Just enough gets done to placate the general public and get things limping along again before continuing business as usual. The granting of these sort of mild concessions to prevent disruption to the economic or social status quo isn't a new concept, mind you. It's as American as apple pie:

Those upper classes, to rule, needed to make concessions to the middle class, without damage to their own wealth or power, at the expense of slaves, Indians, and poor whites. This bought loyalty. And to bind that loyalty with something more powerful even than material advantage, the ruling group found, in the 1760s and 1770s, a wonderfully useful device. That device was the language of liberty and equality, which could unite just enough whites to fight a Revolution against England, without ending either slavery or inequality.
Simply put, a raise to the minimum wage is inevitable because it is an effective tool for manipulating the public. Raising the minimum wage alone* isn't enough to fix poverty in America, even if it will ease the pain for a while.

The not-ugly reason is that we are being slowly driven towards making a serious change in our approach to economic fairness. As income disparity rises and economic security shrinks for most Americans, it serves as a driver of change. That ticking clock becomes louder and more insistent. More inevitable.

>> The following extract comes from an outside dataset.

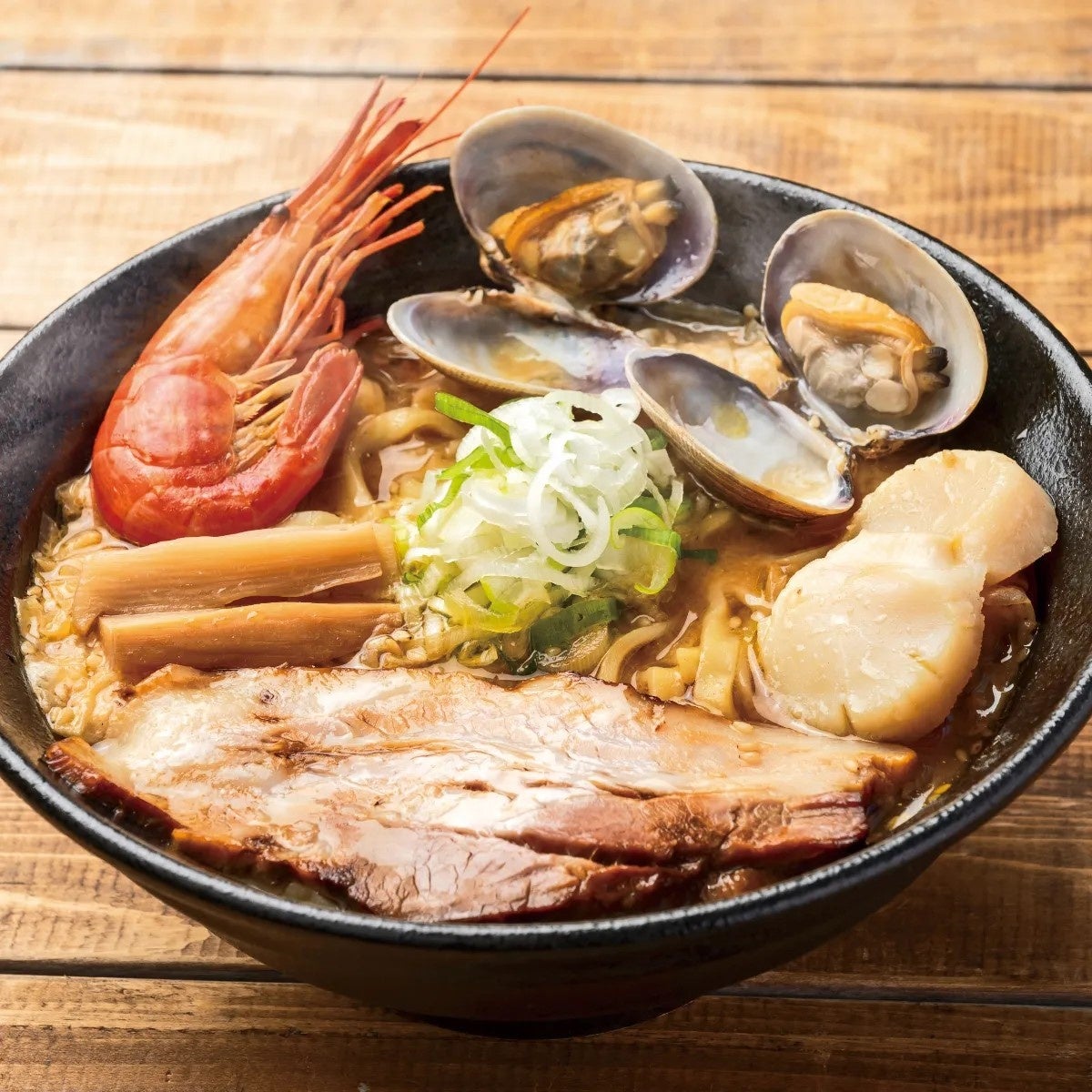希少な根室産北海シマエビと厚岸産あさり、オホーツク産ホタテ貝柱をトッピング!

There are historical precedents for this type of movement-style change. The labor and suffrage movements of the first part of the previous century and push for civil rights in the middle part where radical - for their time - changes resulted from widespread demonstrations of public unrest...only with those sustained movements, doing the minimum was no longer possible and there was no bone small enough to throw. The downside is that these progressive gains were sometimes centuries in the making. You can even argue that the unrest occurring now is a continuation of the workers' strikes of the 1930's. The subjects of that unrest, economic fairness and civil rights, are not much different today. Movement-style change is usually a very long effort that can experience multiple setbacks .

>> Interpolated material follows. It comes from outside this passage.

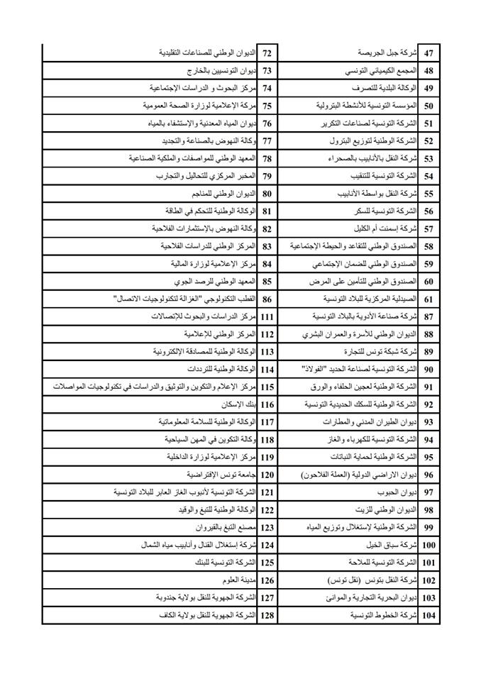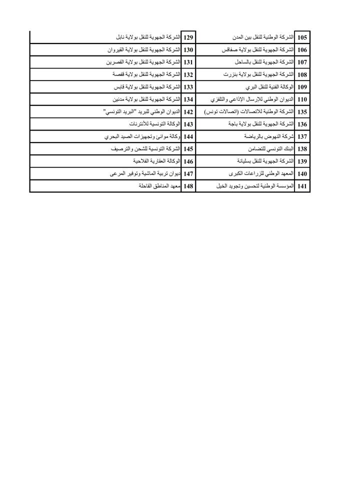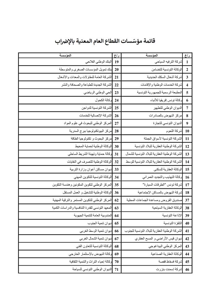 وأفاد الاتحاد أن الإضراب سيشمل 148 مؤسسة وهي :

Call it the 'Arc of the Moral Universe' argument. The day will come, justice is inevitable, don't give up.

So keep pushing for that minimum wage increase. Make it inevitable sooner...but don't accept that as the end goal, only as one of the many things we need to do to change how we define what makes our national economy healthy and inclusive of all citizens.

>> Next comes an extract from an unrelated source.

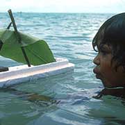 Childhood in the Torres Strait may seem like one big holiday on a beautiful tropical island; life seems carefree and safe in these small islands. The kids are self sufficient at an early age and spend their free time roaming the beach, fishing, swimming and playing. But they are taught their language, songs and dances that are still important.

* To me, the only argument that counters raising the minimum wage is that any increase will be likely absorbed into the generally rising cost of things by the time it's adopted, much like easier credit contributed to the housing bubble and federal subsidization contributes to the high cost of education. Note that this is not an argument against raising the minimum wage generally, only against raising the minimum wage without other, greater reforms.

An idea would be to have a cost-of-living-indexed minimum wage and a revision of business tax regulations to increase taxation on employees paid the minimum with declining rates for paying more than the minimum. The rate decline would be the inverse of the amount paid the employee...as wages go up, the amount in tax goes down. The justification for the increase in taxation would be that low-pay employees lean more heavily on public services funded by public monies, so employers unwilling to pay livable wages should be contributing more to the public coffers.

And no, I haven't worked out the detail on this. I can see a move to fewer, higher-paid employees which would have the undesirable effect of increasing unemployment...but there are ways to deal with that as well. As I'm saying, this would be just once piece of an larger effort.